Irishwoman’s Diary, July 1992: New Music Seminar

From The Irish Times – July 1992

By Helena Mulkerns

Sinead cameo

Sinead O’Connor
Pic: John Francis Bourke

Last week, as Uncle Boris Yeltsin posed for happy snaps on the lawn with George and Barbara at the Whitehouse, and Sarajevo shuddered under Serbian mortar fire, a whole microcosm of Western youth culture carried on regardless, at the popular music industry’s annual “New Music Seminar” in New York City.

Emerging from the subway in Manhattan’s Times Square, the brief stretch from the underground exit to the hotel hosting the seminar exposes the walker to the buzz of New York’s glitz and grime. To the backdrop of expensive Broadway theatres and department stores, yellow cabs jostle whizzing messenger-cyclists, teenage homeless pan-handle sullenly on corners and street hawkers flash fake Rolex watches at passers-by.

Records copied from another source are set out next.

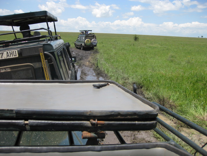 ・タンザニアのドライバーはのんき。悪路でのスタックから抜け出すためのロープ・板・スコップ等の必須アイテム装備無で平気。
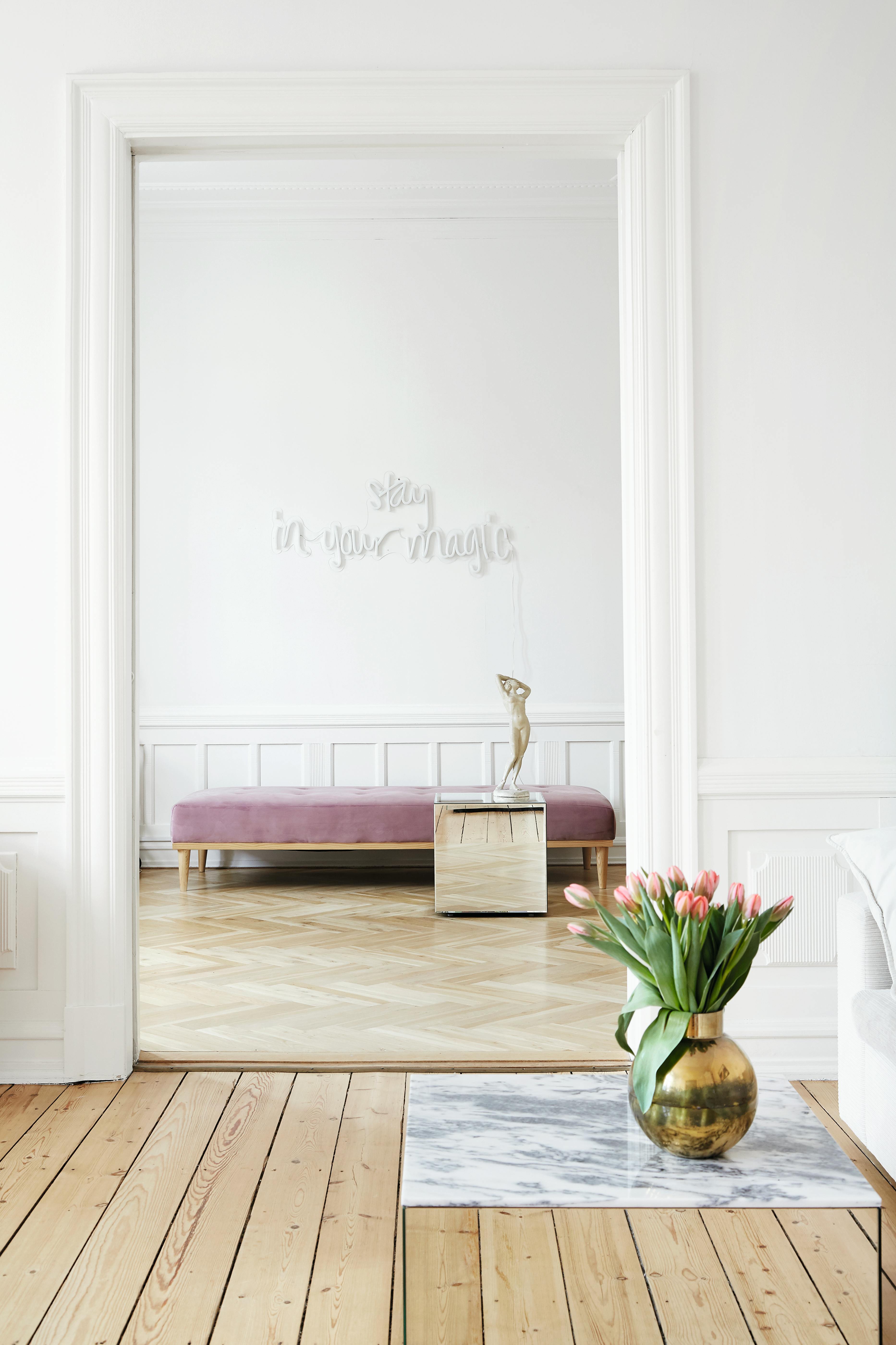 BILDE Daybedden er fra Sinnerup og speilbordet fra Zara Home. Sidsel kom over skulpturen i en butikk i København for mange år siden. Neonskiltet på veggen er kjøpt på Neonskiltet.dk og Sidsel har selv tilpasset teksten. Sofabordet i forgrunnen er fra Kristina Dam Studio og messingvasen fra H&M Home.
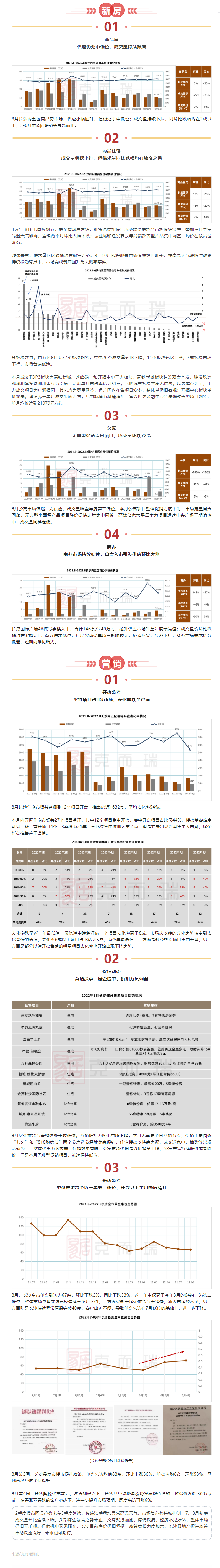 但市場危機中又見曙光。8月商品房成交量同環比跌幅較7月有收窄之勢;綠城鳳起麓鳴入市,長沙普宅天花板升至35000元/平,高端豪宅項目帶動房價走高預期,對市場有一定強心劑作用;長沙縣政策力度較大,快速刺激需求進場,案場來訪認購普漲,帶動市場信心。
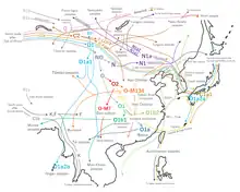 Proposed population migration routes into Japan, based on haplogroups.[21][22][23][24][25][26][27][28]
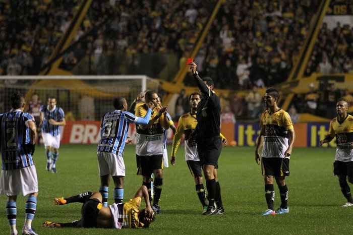 O Criciúma, é verdade, tinha iniciativa, tentava, mas não obtinha o resultado esperado. Até acontecer a primeira expulsão. Rigorosa, injusta e decisiva, pois saiu um atleta que vinha fazendo boa atuação.
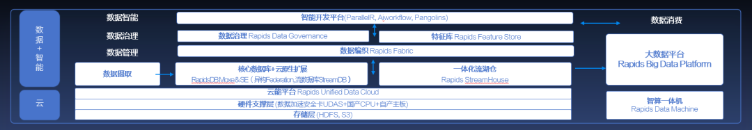 柏睿数据以“全内存分布式计算引擎”为核心,自主创新研发了新一代高性能、标准化、全智能的数据智能产品体系,为用户提供覆盖数据全生命周期应用的数据洞察方案。目前,柏睿数据形成了以全内存分布式数据库RapidsDB、大数据平台Rapids Lizard、云能平台Rapids Data Cloud等为代表的数据管理与分析软件产品系列、以向量数据库Rapids VectorDB、数据智能平台Rapids AI等为代表的AIGC软件产品系列,以及智算一体机Rapids Hypercube、数据加速&安全芯片等为代表的软硬一体产品系列。
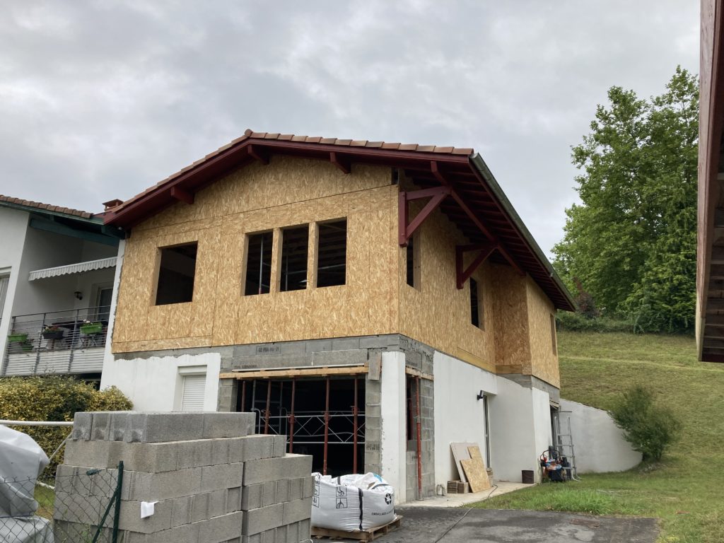 ITE sur ossature bois d’une surélévation de maison à Ayherre
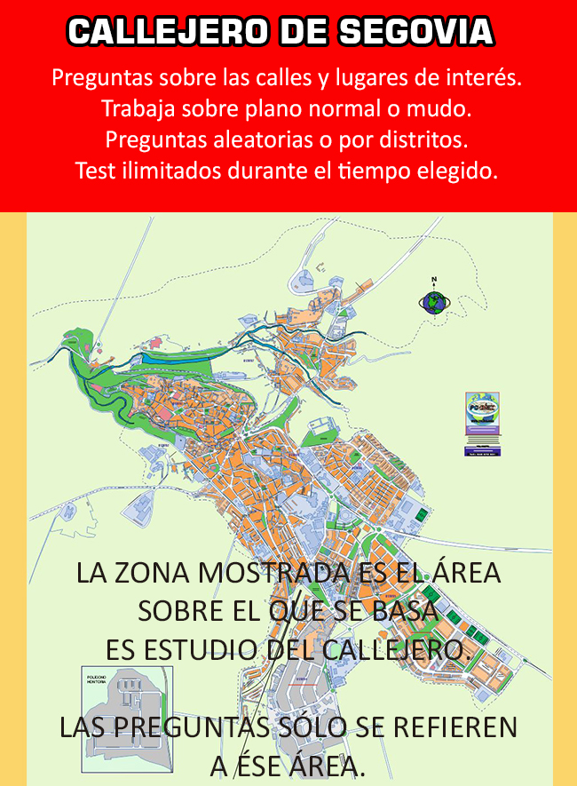 Callejero de Segovia para estudiar el callejero de tu oposición, licencia de Taxi o cualquier otra necesidad.

Once inside the Mariott Marquis, however, umbrage is assured. It is a standard-issue American luxury hotel, futuristic in form, efficient in its operation and designed to accomodate the comfort requisites of both tourist and convention-goer. Normally, family vacationers in pastel-casuals ride the elevator with gray-suited businessmen carrying briefcases. The latter might wear a badge that says “John Doe – National Insurance Representatives Convention”. For the week of the music seminar however, the Insurance reps are upstaged flamboyantly by Babylon’s most shameless upstart, Rock’n’roll. The seminar effectively provides a forum for the big business side of the music scene, becoming the hunting grounds of managers, publishers, promoters, lawyers and other sharks. But it is also an annual chance for performers of all shapes and hues to party and to be seen, as a brief stint of people-watching will prove. Post-punk Japanese Divas in day-glo mini-skirts and platform shoes ride the escalators. Pale Rock’n’roll animals from America’s East Coast contrast starkly with suntanned, muscular surf-babies from Northern California. Rap brothers in spandex and gold jewellery flank slick latino-beat masters from Miami or Seville.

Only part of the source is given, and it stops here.